The importance of equity is increasingly recognized and discussed within healthcare generally and within rhinology in particular [1
]. Equity in healthcare is defined as “the absence of avoidable or remediable differences among groups of people, whether those groups are defined socially, economically, demographically, or geographically” [2
]. The World Health Organization (WHO) explains equity as overcoming and avoiding disparities that infringe on justice and fairness. While equity and equality both target fairness, equality is based on the equal distribution of a commodity within a population, whereas equity is based on unequal distribution to accommodate for differences in need. Therefore, they are fundamentally different principles, potentially at odds with each other. The use of quality-of-life (QoL) tools to facilitate clinical decision making promotes equality, i.e., treating everyone the same. However, if QoL tools do not sufficiently represent different patient groups, their use may prove a potential impediment to equity.

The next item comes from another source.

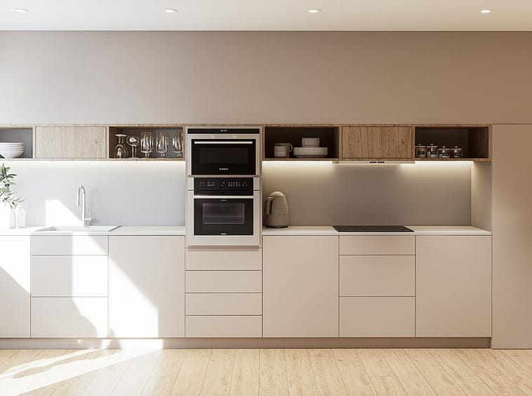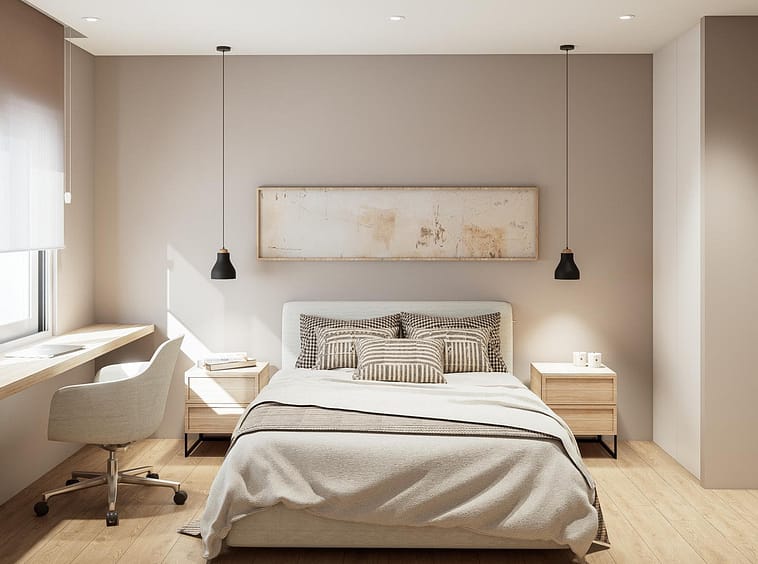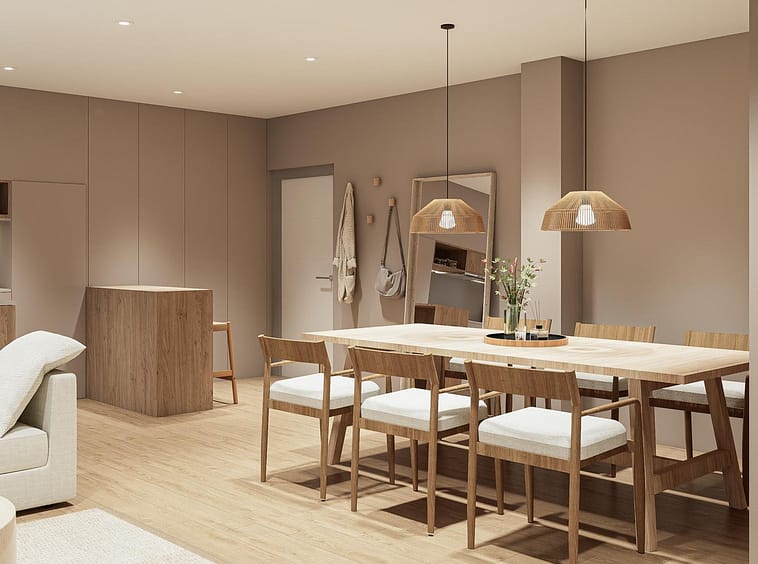 The apartment features two bedrooms, both with built-in wardrobes and modern finishes. The master bedroom has a large private bathroom with a spacious shower, while the second bathroom is also fully equipped and maintains the same contemporary design. Finishes include porcelain flooring in wet areas and double glazing on all windows, ensuring comfort and efficiency.
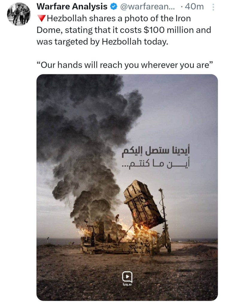 πŸ”₯ DAY 73 πŸ”₯ HEZB-ALLAH ‘TARGETED TWO ISRAELI IRON DOME PLATFORMS, NORTH OF KABRI, WITH ARTILERY ACHIEVING PRECISE HITS’ πŸš€ πŸ‡±πŸ‡§ ✌️ πŸ‡΅πŸ‡Έ

While noting that race and ethnicity are related terms, one’s race is the inherited phenotypic attribute of a person. In contrast, one’s ethnicity relates to the cultural factors, from a particular group, with which an individual identifies [3
We have identified, within our New Zealand population, that non-white, minority ethnicities are underrepresented in Public Hospital Rhinology clinics and operating lists [4
]. This is despite data indicating that non-white populations appear to have a higher burden of rhinologic diseases. While the reasons for this are likely to be multi-factorial [4
], we aimed to consider whether the processes that we as rhinologists use, might be contributing to this apparent inequity, and if so, how this might be addressed.
Chronic rhinosinusitis (CRS) is a non-fatal condition, the treatment of which is directed toward managing symptoms [6
]. The ability to quantify symptoms through QoL tools is, therefore, of great importance in CRS management and decision making with regard to appropriate treatment options. The WHO defines QoL as “the individual’s perception of their position in life in the context of the culture and value systems in which they live and in relation to their goals” [7
]. With regard to the assessment of QoL in CRS, the 22-item Sinonasal Outcome Test (SNOT-22) has become the sentinel subjective assessment of disease severity [8
], with 3560 articles returned on a Google Scholar search of “SNOT-22” (search performed 4 April 2021).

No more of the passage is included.